Überblick über Clexane Forte
Clexane Forte im Überblick
| Eigenschaft | Beschreibung |
|---|---|
| Wirksubstanz | Enoxaparin-Natrium |
| Darreichungsform | Injektionslösung (vorgefüllte Fertigspritze) |
| Medikamentenklasse | Antithrombotikum (Niedermolekulares Heparin, NMH) |
| Hauptverwendungszweck | Vorbeugung von Blutgerinnseln (Thromboprophylaxe) |
| Ursprung | Synthetisches Derivat des aus Schweinedärmen gewonnenen Heparins |
Welche Art von Arzneimittel ist Clexane Forte?
Clexane Forte ist ein injizierbares Medikament, das der Gruppe der Antithrombotika zugeordnet wird. Es wird spezifisch als ein Niedermolekulares Heparin (NMH) klassifiziert. Sein aktiver Bestandteil ist Enoxaparin-Natrium, welcher klinisch für seine Fähigkeit bekannt ist, das körpereigene Gerinnungssystem zu beeinflussen. Der Namenszusatz "Forte" kennzeichnet hierbei eine Präparation, die eine höhere Wirkstoffkonzentration aufweist als die Standard-Clexane-Formulierungen.
Zusammensetzung, Herkunft und Darreichungsform
Enoxaparin-Natrium ist die Kernkomponente und ein synthetisches Derivat. Es wird durch die kontrollierte Depolymerisation von natürlichem Heparin hergestellt, welches ursprünglich aus der Darmschleimhaut von Schweinen gewonnen wird. Durch diesen Prozess entstehen die kürzeren, vorhersagbareren Polysaccharidketten, die typisch für NMH sind, und dessen stabiles gerinnungshemmendes Profil belegen. Clexane Forte ist eine sterile wässrige Lösung zur Injektion, die speziell zur einfachen parenteralen Verabreichung mittels einer vorgefüllten Fertigspritze vorgesehen ist.

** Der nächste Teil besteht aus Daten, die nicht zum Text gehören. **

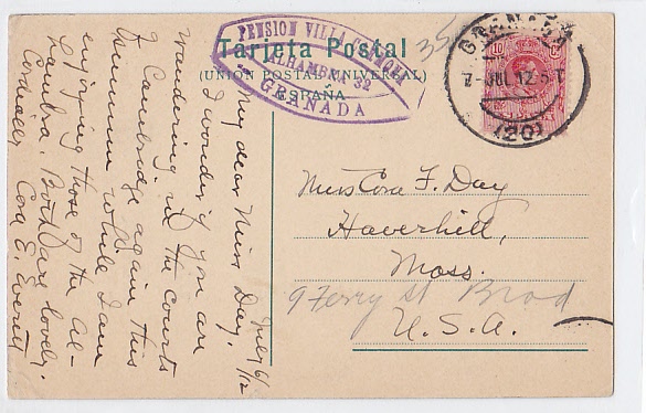 Hola Alfareva: Sirvan estas imágenes para comprobar la cancelación que llevan las cartas depositadas en el buzón boca de león de la calle Real de la Alhambra. Fué la tarjeta que le envié a María.

Hauptzweck: Vorbeugung von Thromboembolischen Erkrankungen
Der primäre allgemeine Zweck von Clexane Forte ist die Thromboprophylaxe – also die gezielte Vorbeugung von thromboembolischen Störungen. Der Wirkmechanismus beruht auf einer selektiven Bindung, die zur deutlichen Deaktivierung des Gerinnungsfaktors Xa führt. Durch die Hemmung dieses Schlüsselfaktors senkt Enoxaparin-Natrium die Wahrscheinlichkeit der Entstehung von Zuständen wie der Tiefen Venenthrombose (TVT) bei Patienten mit erhöhtem Risiko. Dies ist typischerweise bei längerer eingeschränkter Beweglichkeit oder nach größeren operativen Eingriffen der Fall.